When I go on vacation on cruise ships I never pay for internet and my phone is only used for tracking time and photos. Why be on vacation just to doom scroll?
They're not the only ones in the AI sphere to wind back, but they're the weirdest case in my eyes. Microsoft invests in having engineers building open models and they don't use a single one. I really don't get it.
But what really surprised me most about Copilot is that it would bill you per question, nothing about tokens. So if I managed to produce a prompt that gave me back an insane amount of tokens for something, which using any Claude model would easily accomplish, you were giving me my money's worth, at your own expense. The math is not gonna math out forever.
Funny when you consider the world owes a lot of AI advancements to both Meta and Google, their open releases really did shift things, feel free to correct me if I'm wrong, especially for China, which as far as I know were not releasing as much in AI as they have been beforehand. I remember when Meta released Llama originally people were speculating about it, but it wound up producing a lot of projects that used it, I'm sure some in China. I know that Perplexity has its own custom model on top of Llama that they use for their default model, and its pretty darn good.
If I'm remembering right, it was weirder than that, as Llama's originally release strategy was sort of bizarre.
You did have to apply for access, but if you met their criteria (basically if you were the right profile of researcher or in government), you got direct access to the model weights, not just an API for a hosted model. So access was restricted, but the full weights were shared.
I believe that the model was leaked by multiple people, some of which didn't work at Meta but had been granted access to the weights.
Not sure, but open weights have had their effects. For example, look at Wan 2.2 the last open weights Wan release, still the most powerful Video inference out there, to the level of quality it provides, unfortunately, it went closed source, but before they did, the community had built all sorts of tooling and LoRas on top of it. Nothing comes close for video a year later. Back to llama though, look at all the open models people run offline through their Macs. It definitely had a net positive.
> Extrapolating that trend, we would be at about 87 GB worth of data today.
Throw in YouTube Shorts / TikTok etc and it makes me wonder if that estimate is drastically too low. We went from the information age, to the brainrot overload age, to let's both have brainrot and let computers think for us.
If that trend really wants to measure the quality of video etc. as well, it would definitely be way more. But that assumption seems very flawed to me, e.g. watching a full 4K movie would amount to way more data than scrolling through memes, even though the latter is way more of an attention-stealing activity.
I'm not a subject matter expert, but I'm wondering if all the context switching of short form video counts as way more drain on the brain, would be an interesting study. I have to think the brain eventually gets tired of all the short dopamine hits.

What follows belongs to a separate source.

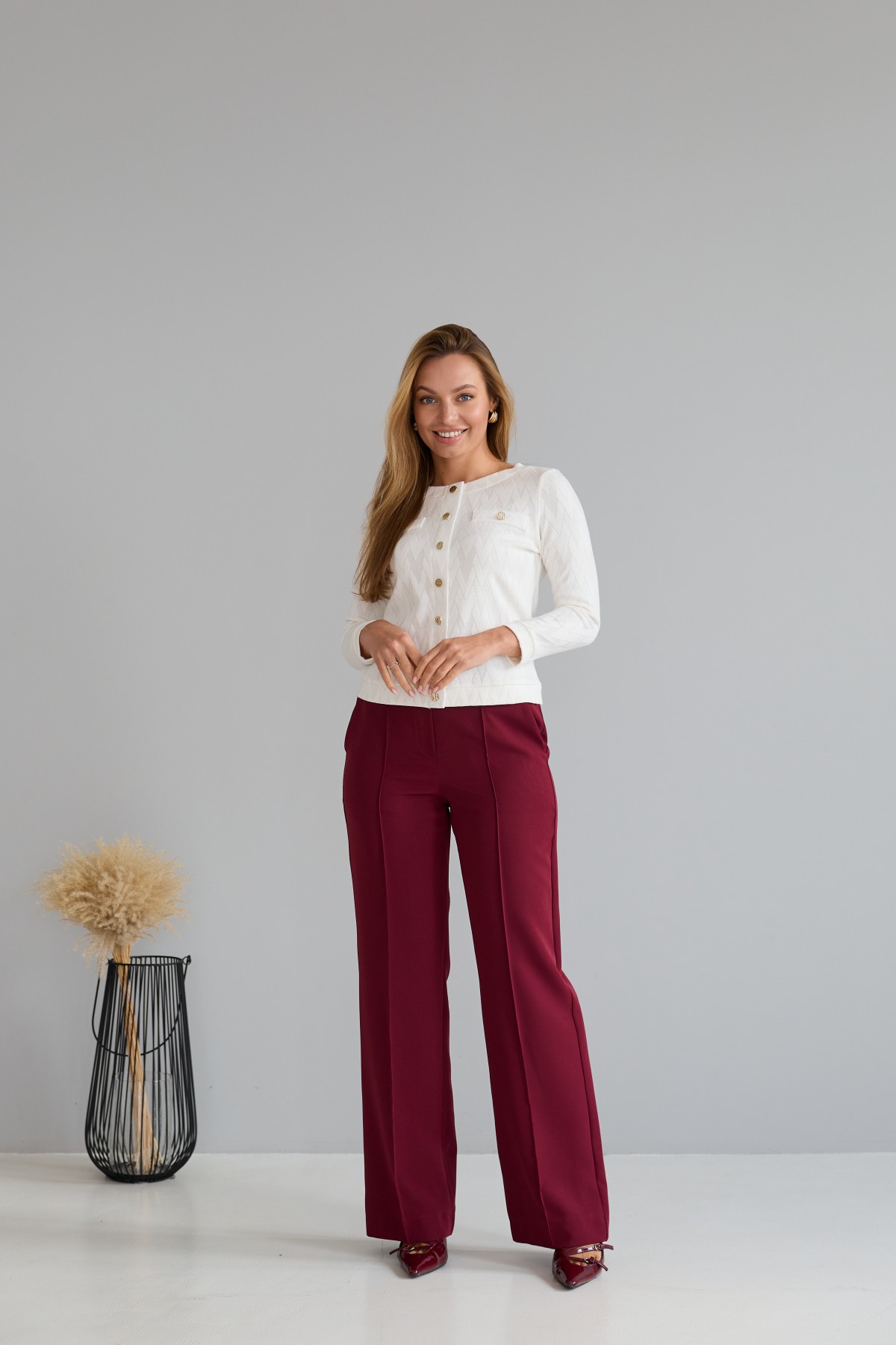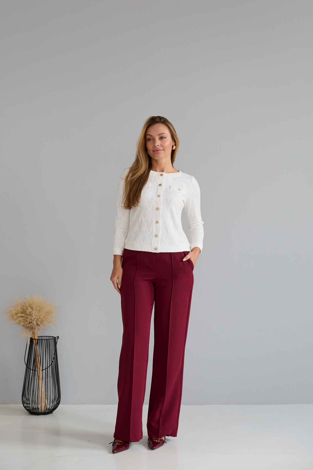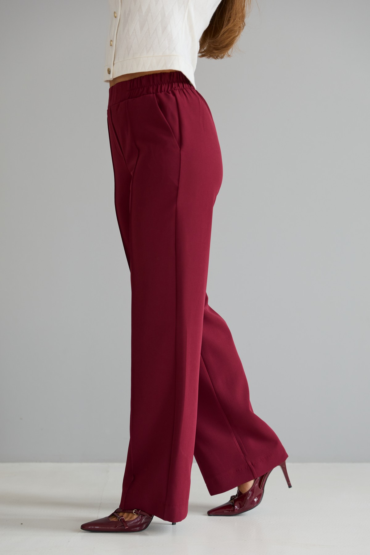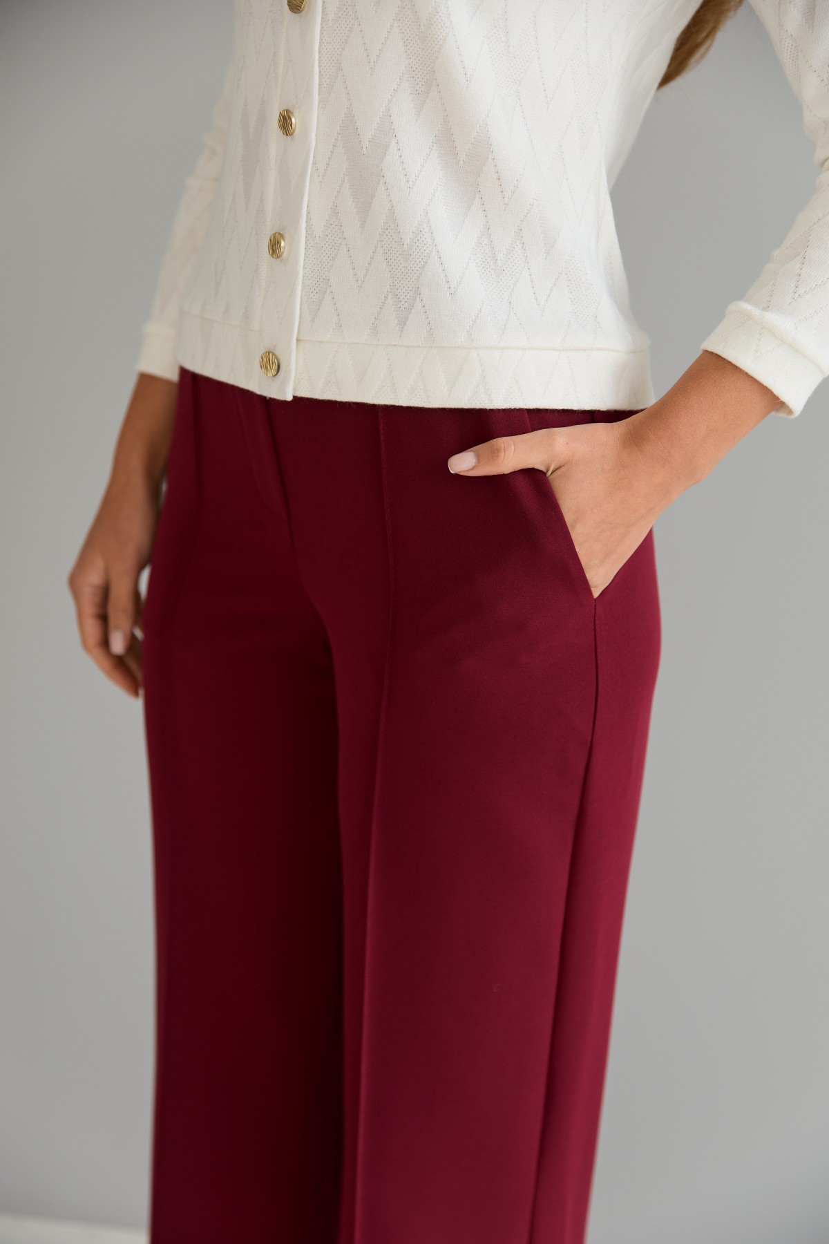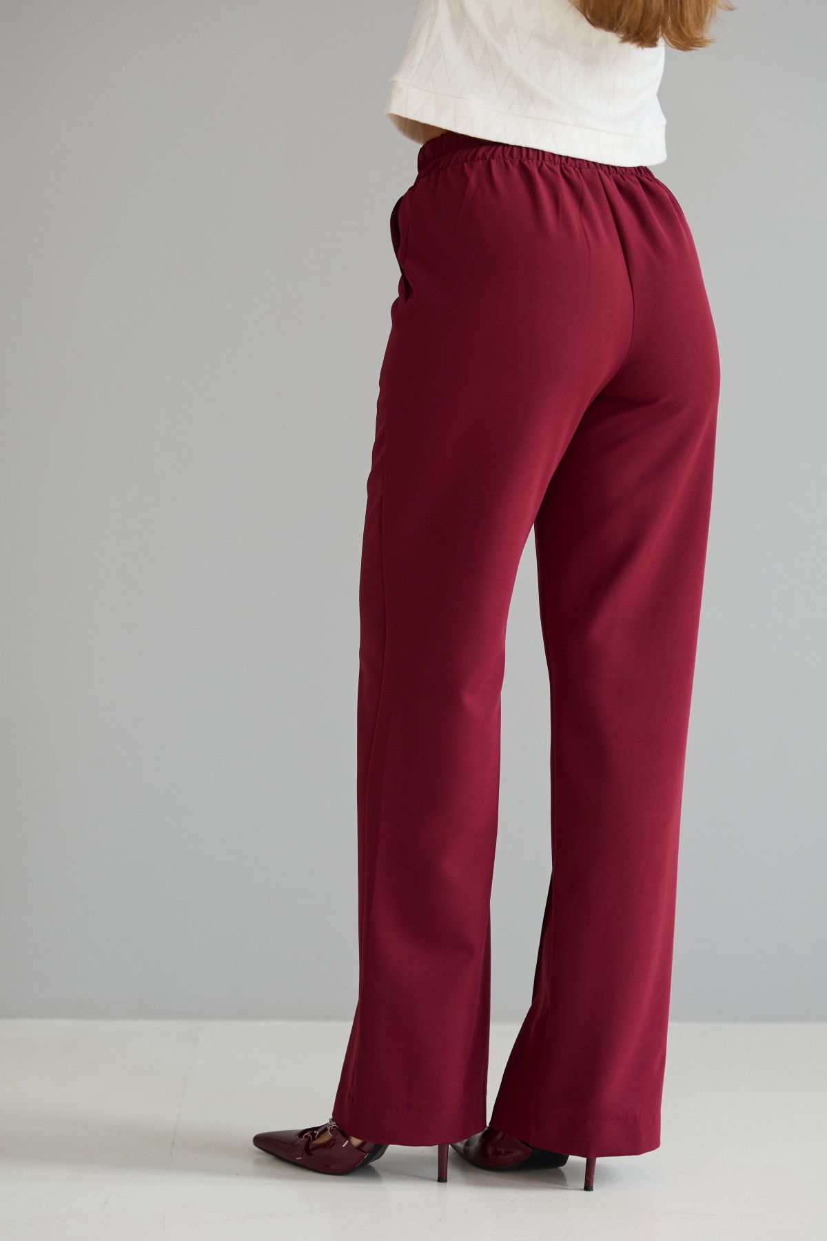 Штани класичного крою із застроченою стрілкою по центру переднього полотнища. На штанах пояс на резинці. Штани чудово поєднують у собі зручність та елегантність. Незважаючи на строгість, їх можна носити як під туфлі на високому підборі, збираючись на ділову зустріч, так і під кеди на прогулянці в міському парку.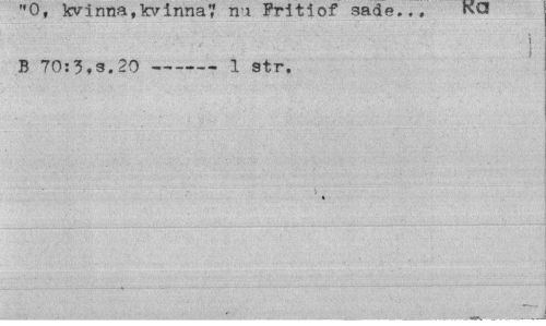 //// "O, kvinna,levinnaV nu Fritiof sade... //// ¦ " ¦'. ¦ i //// i //// B 70:3.3.20---1 str. //// i ////

Why an AI agent has the keys to the kingdom is beyond me. Loads of companies don't even give developers this level of access to key infrastructure for a reason.
GoDaddy always struck me as a company ran by a "jock" (think Revenge of the Nerds) and all the technical people there are just there to collect a paycheck and don't care about the customers or going above and beyond, and it shows.
I prefer ticketing systems for AI. I dont care that it forgets what I did last week, I just need it to be able to compact its own memory and grab the next task once done.
I'm ambivalent about that. I've seen people use beads, and they're just making busy work for the agents, splitting stuff up into tiny tasks that could have been one-shotted as part of the larger plan. They seem to just enjoy making thinky machine go brrr, even when it makes the work take longer and burn a lot more tokens.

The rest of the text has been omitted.